Start of Data excerpt
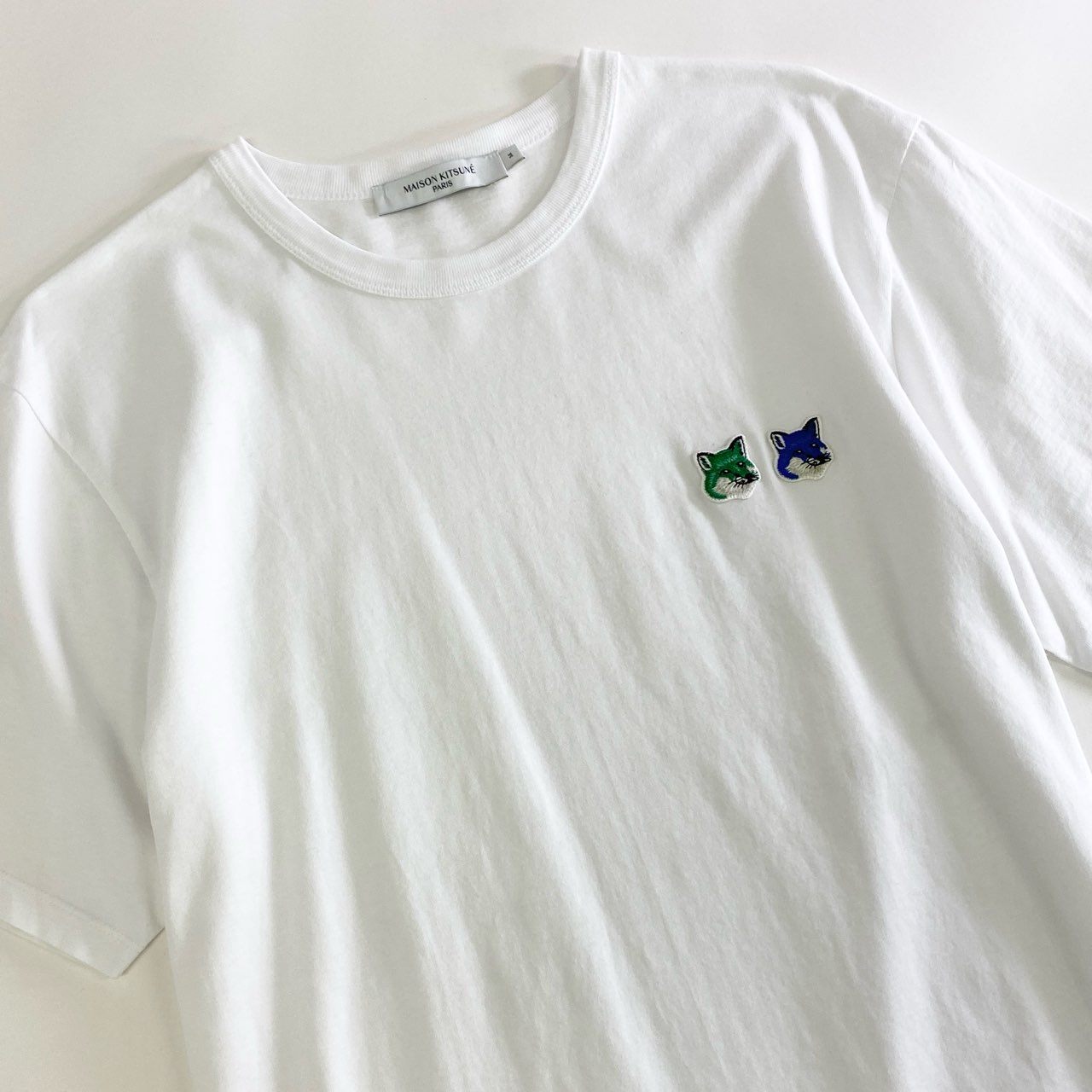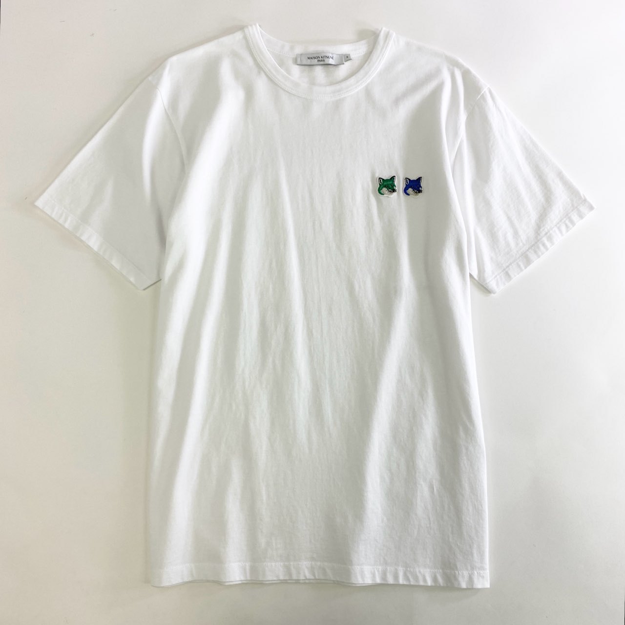 52k9 《美品》 MAISON KITSUNE メゾンキツネ モノクローム ダブルフォックスパッチ Tシャツ M ホワイト カットソー TEE
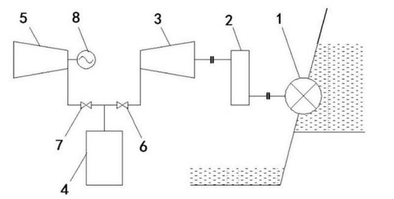 近日,國家知識(shí)產(chǎn)權(quán)局公布專利“一種水力壓縮空氣儲(chǔ)能系統(tǒng)”。該水力壓縮空氣儲(chǔ)能系統(tǒng)包括依次連接的水輪機(jī)組、變速器、空氣壓縮機(jī)組、儲(chǔ)氣庫、空氣透平機(jī)組和發(fā)電機(jī)。
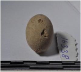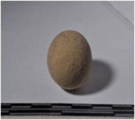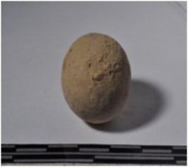 | Description / विवरण | A terracotta sling ball round in shape of smooth surface. |
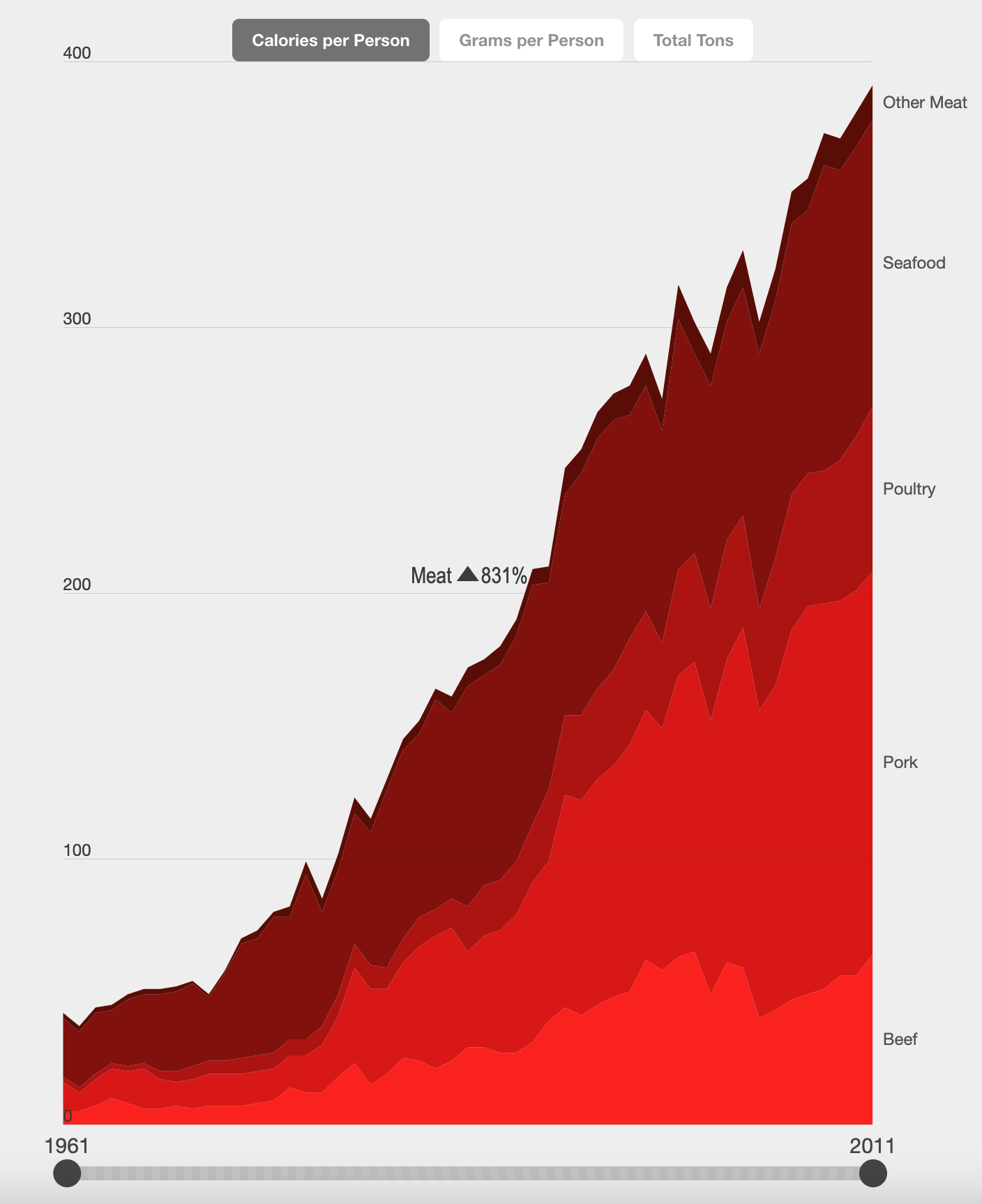 1961년부터 2011년까지 50년 동안 전세계 사람이 주로 먹은 것을 몇 가지 카테고리로 분류해서 정리했다. 굉장히 방대한 자료일 텐데 어떻게 조사를 했는지 신기할 따름이다. 전체를 볼 수는 없고 아주 간략히 정리해 보았다.
End of Data excerpt
=== Problem details ===
Since only the text is needed, retype the data above exactly and omit the pictures.

=== Problem solution ===
 52k9 《美品》 MAISON KITSUNE メゾンキツネ モノクローム ダブルフォックスパッチ Tシャツ M ホワイト カットソー TEE
 近日,國家知識(shí)產(chǎn)權(quán)局公布專利“一種水力壓縮空氣儲(chǔ)能系統(tǒng)”。該水力壓縮空氣儲(chǔ)能系統(tǒng)包括依次連接的水輪機(jī)組、變速器、空氣壓縮機(jī)組、儲(chǔ)氣庫、空氣透平機(jī)組和發(fā)電機(jī)。
 | Description / विवरण | A terracotta sling ball round in shape of smooth surface. |
 1961년부터 2011년까지 50년 동안 전세계 사람이 주로 먹은 것을 몇 가지 카테고리로 분류해서 정리했다. 굉장히 방대한 자료일 텐데 어떻게 조사를 했는지 신기할 따름이다. 전체를 볼 수는 없고 아주 간략히 정리해 보았다.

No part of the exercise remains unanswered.